Just finished changing my gearbox and rear diff oils. Really is very easy to do. The drain/filler plugs on the gearbox need a 14mm allen key and those on the rear diff needed a larger 17mm allen key. 10mm allen key for the drain on the transfer box if you do that as well.

You are tight for space on the filler of the rear diff so may need to cut the end off the allen key to get it in behind the filler plug like I had to. After that I used a length of hose to fill and passed it up behind the wheel and out and used a funnel to pour the oil in, made it very easy. 1 litre just about enough.

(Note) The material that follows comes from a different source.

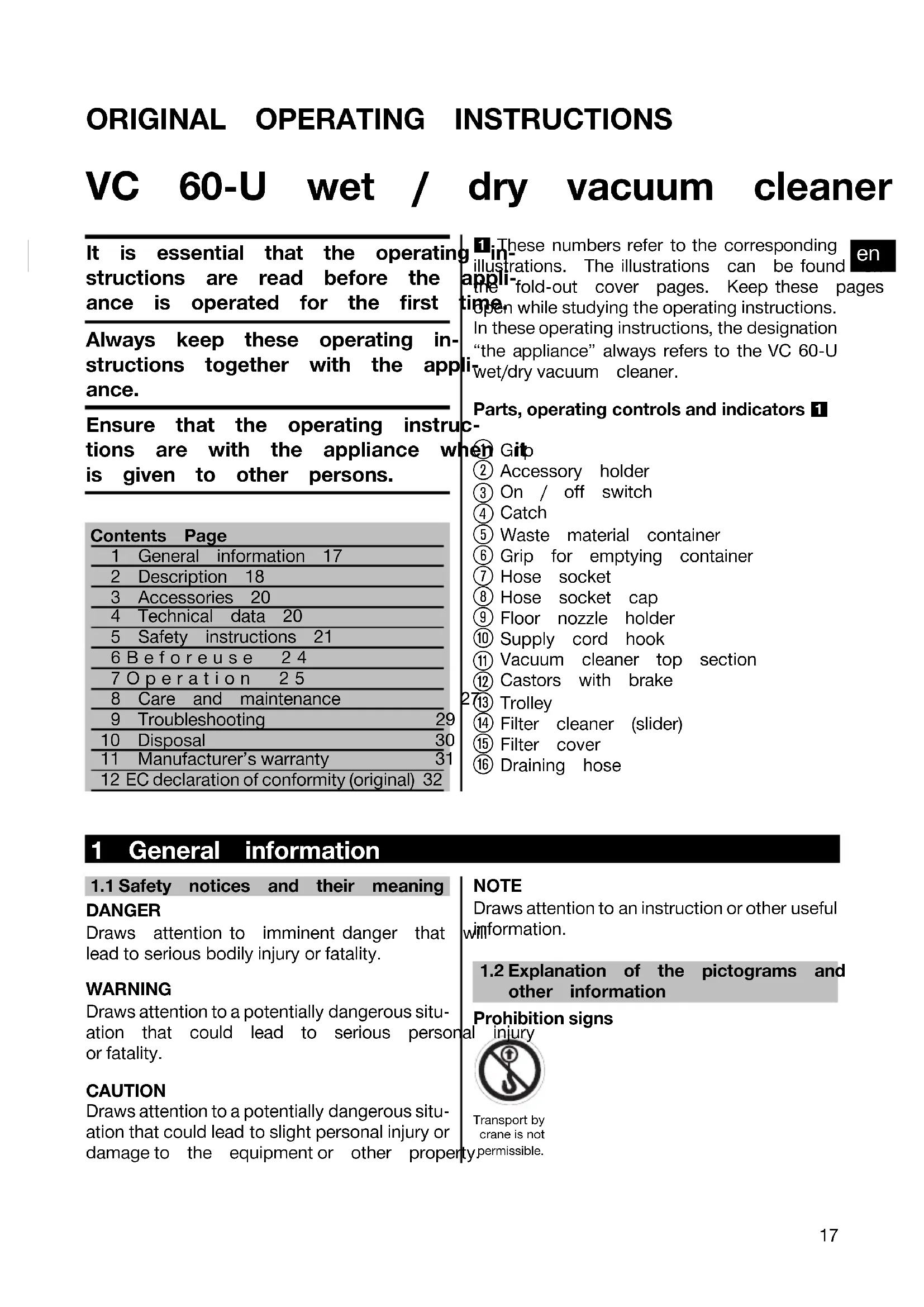 Printed: 05.12.2013 | Doc-Nr: PUB / 5071295 / 000 / 02ORIGINAL OPERATING INSTRUCTIONS VC 60‑U wet / dry vacuum cleaner It is essential that the operating in-structions are read before the appli-ance is operated for the first time.Always keep these operating in-structions together with the appli-ance.Ensure that the operating instruc-tions are with the appliance when itis given to other persons.Contents Page1 General information 172 Description 183 Accessories 204 Technical data 205 Safety instructions 216Beforeuse 247Operation 258 Care and maintenance 279 Troubleshooting 2910 Disposal 3011 Manufacturer’s warranty 31 12 EC declaration of conformity (original) 32 1 These numbers refer to the corresponding illustrations. The illustrations can be found onthe fold-out cover pages. Keep these pages open while studying the operating instructions. In these operating instructions, the designation “the appliance” always refers to the VC 60‑U wet/dry vacuum cleaner. Parts, operating controls and indicators 1

Same for the gearbox but no problem getting to the filler plug, again I used the length of hose to fill and passed it up into the engine bay with the funnel on top. Got about 2.4 litres in, took it for a quick drive then topped up about another 200ml as I drained the transfer box as well (they share the same oil)

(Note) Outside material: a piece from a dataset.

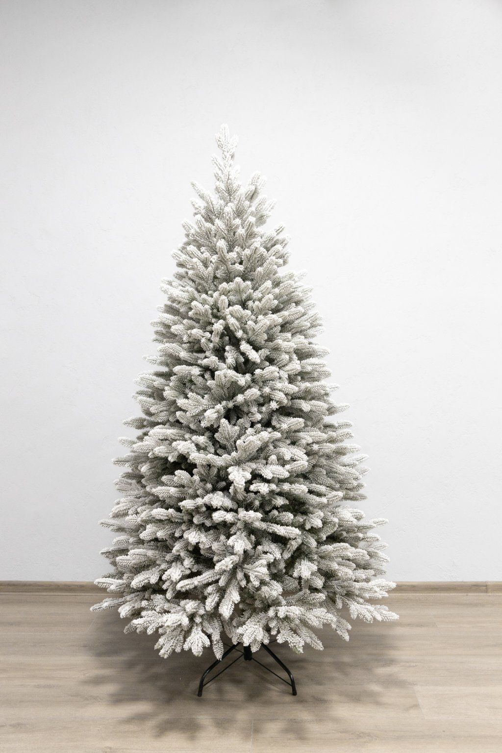 The Full 3D Christmas tree spruce with snow branch number N6 is the smaller brother of the tree number N6 Custom It differs in that it is more pointed and has a narrower shape. The tree is made purely of green 3D needles, which identically copies the needles of living trees. The branches are attached to the trunk with an umbrella system, which makes it easier to unfold the artificial tree.

What with the Haldex oil and filter I changed a couple of weeks ago I shouldn't have to get under the car again for a while now


----------



## AwesomeJohn (Apr 25, 2006)

That's the way to look after your car! So many people don't bother with no specific interval advised for them to be replaced. Just got mine done yesterday too! 

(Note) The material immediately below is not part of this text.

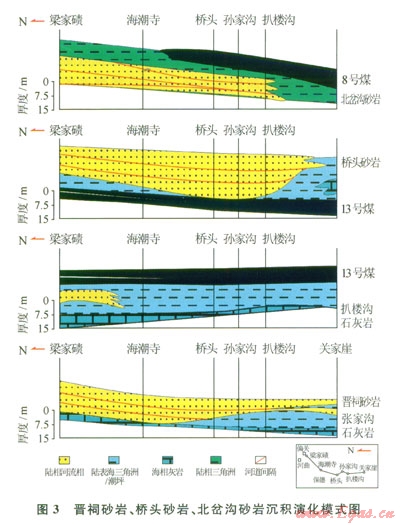 扒樓溝石灰?guī)r沉積時(shí)期的海侵之后,在濱海平原和潮坪環(huán)境的基礎(chǔ)上開始泥炭沼澤化沉積,聚煤場所隨著海水的后退而不斷拓展,形成厚層泥炭堆積,形成了太原組主力煤層l3號(hào)煤層,是整個(gè)河?xùn)|煤田穩(wěn)定發(fā)育的煤層。橋頭砂巖的展布范圍較晉祠砂巖略廣,在北部以河道沉積為主,在魏家灘以南,過渡為向上變粗層序,屬三角洲前緣砂,部分地段見分流河道砂[1]。

Did you have any debris attached to the magnetic drain plug on the diff?


----------



## AwesomeJohn (Apr 25, 2006)

Here's a really bad one!

http://i282.photobucket.com/albums/kk27 ... uggbox.jpg[/IM


----------



## Jurpo (Jun 24, 2009)

17mm head bolt and 2 nuts=allen key tool.
17mm long nut, even better.


----------



## T3RBO (Dec 9, 2003)

Nice one Neil :wink:


----------



## TT51 (Feb 28, 2009)

AwesomeJohn said:


> Did you have any debris attached to the magnetic drain plug on the diff?


Very minimal amount on the gearbox and diff drain plugs but some on the one that drains the transfer box. It was just a fine sludge rather than debris.

Good job I did check/change the oil as gearbox/transfer box had about 2.3 litres in there as I measured it after I drained it.

All the old oils still looked golden coloured but pretty sure the gearchange feels a little easier now


----------



## crapgolf (Jul 12, 2009)

Nice post Neil gives me the idea tat I should do mine the car goes in Friday Iv lost count of the things being done so might as we get this done as well, Rich


----------